It felt like the pennant race, the actual, genuine, we-might-make-it postseason push, arrived here Friday night. The Twins were confident, the fans were expectant, and tiebreaker possibilities were the topic of the day.
It took nine gloomy innings for 2016 to arrive.
Chris Young limited the Twins to one run on four lousy singles, Glen Perkins gave up a pair of run-scoring hits, and playoff fever was broken at Target Field when Kansas City walked away with a 3-1 victory that leaves the Twins staring at wild-card oblivion.
"I don't like it, but all we can do is keep battling and see what happens," Torii Hunter said after the Twins' most deflating night of the season. "Best scenario is those guys lose two, we win two."
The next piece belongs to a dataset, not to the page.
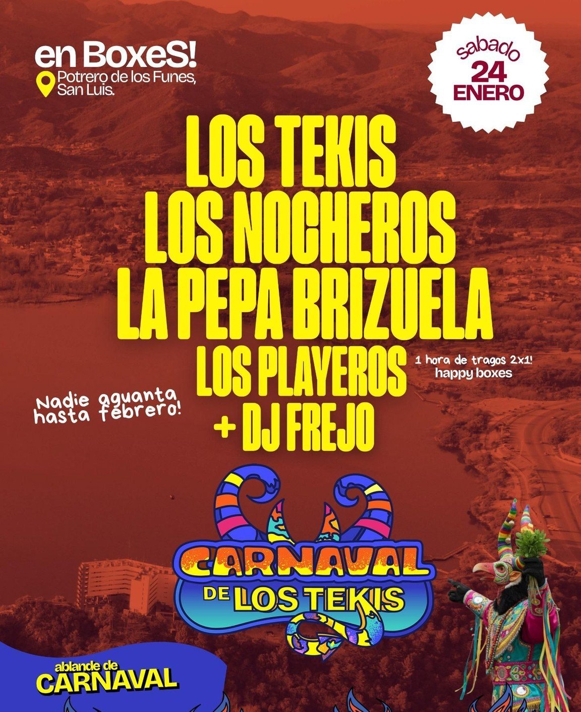 El Gobierno provincial presentó la agenda cultural y recreativa para este fin de semana en Potrero de los Funes y la Villa de Merlo, con propuestas que incluyen música en vivo, eventos al aire libre y artistas de proyección nacional. En Potrero de los Funes, este sábado 24 a partir de las 22:30, se realizará el Ablande Carnaval en Boxes, un evento que reunirá a destacados artistas del folklore y la música popular. La grilla estará integrada por Los Tekis, Los Nocheros, La Pepa Brizuela, Los Playeros y DJs invitados.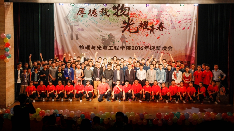 (通讯员:黄须村 赵梦媛 张倩 丁俊发 谢晶晶 矫殿成)2016年10月20日,“厚德载物,光耀青春”物理与光电工程学院2016级迎新晚会在大学生活动中心小剧场举行。学院执行院长郭立新,党委书记杨光暐,副院长李平舟,党委副书记林波莅临现场,学院教师代表、研究生代表、大一全体新生观看了晚会。

That's not the best scenario, that's the only scenario left to the Twins now. The Angels and Astros both won Friday, leaving Houston with 85 victories, Los Angeles with 84 and the Twins with 83 and two games to play. Only a pair of Astros losses, at least one Angels setback, and two Twins wins over the defending American League champions will produce … merely a tie that will force at least one extra regular-season game.
Get those tickets now.
"You can feel it — it's deflating for sure," Twins manager Paul Molitor acknowledged. "We know what's happened in the other games. We've got to find a way to rebound. … Now we need a lot more help."
They got a lot of it Friday from Ervin Santana, who capped an often-brilliant half-season with a clutch seven innings. He gave up only four hits and stubbornly held on to a 1-1 tie into the eighth inning.